Segment Start: Extracted entries
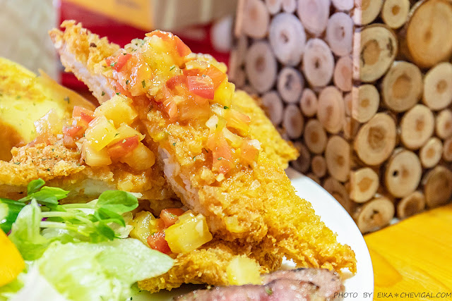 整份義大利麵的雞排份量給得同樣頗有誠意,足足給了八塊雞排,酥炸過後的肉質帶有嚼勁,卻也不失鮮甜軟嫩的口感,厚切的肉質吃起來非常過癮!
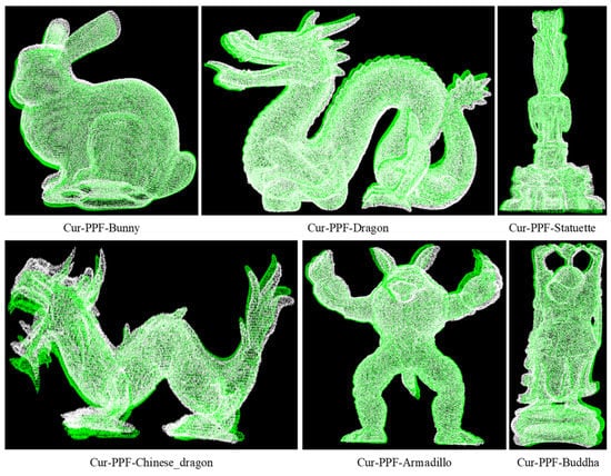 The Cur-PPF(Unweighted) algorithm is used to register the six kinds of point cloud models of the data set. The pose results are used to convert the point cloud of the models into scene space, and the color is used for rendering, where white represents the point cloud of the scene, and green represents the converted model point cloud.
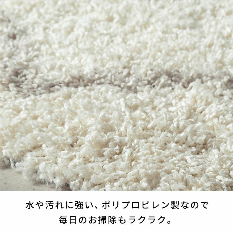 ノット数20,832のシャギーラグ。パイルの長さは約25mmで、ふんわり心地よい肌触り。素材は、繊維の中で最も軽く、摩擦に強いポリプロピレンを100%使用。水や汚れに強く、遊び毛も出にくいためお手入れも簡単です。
Segment End: Extracted entries
Segment Start: Extracted entries
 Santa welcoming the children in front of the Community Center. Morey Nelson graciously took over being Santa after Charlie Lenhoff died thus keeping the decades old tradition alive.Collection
Segment End: Extracted entries
Repeat exactly the lines above, from the line that contains "The Cur-PPF(Unweighted) algorithm" down through the line that contains "ノット数20,832のシャギ". Include both of those lines and none of the pictures.

 The Cur-PPF(Unweighted) algorithm is used to register the six kinds of point cloud models of the data set. The pose results are used to convert the point cloud of the models into scene space, and the color is used for rendering, where white represents the point cloud of the scene, and green represents the converted model point cloud.
 ノット数20,832のシャギーラグ。パイルの長さは約25mmで、ふんわり心地よい肌触り。素材は、繊維の中で最も軽く、摩擦に強いポリプロピレンを100%使用。水や汚れに強く、遊び毛も出にくいためお手入れも簡単です。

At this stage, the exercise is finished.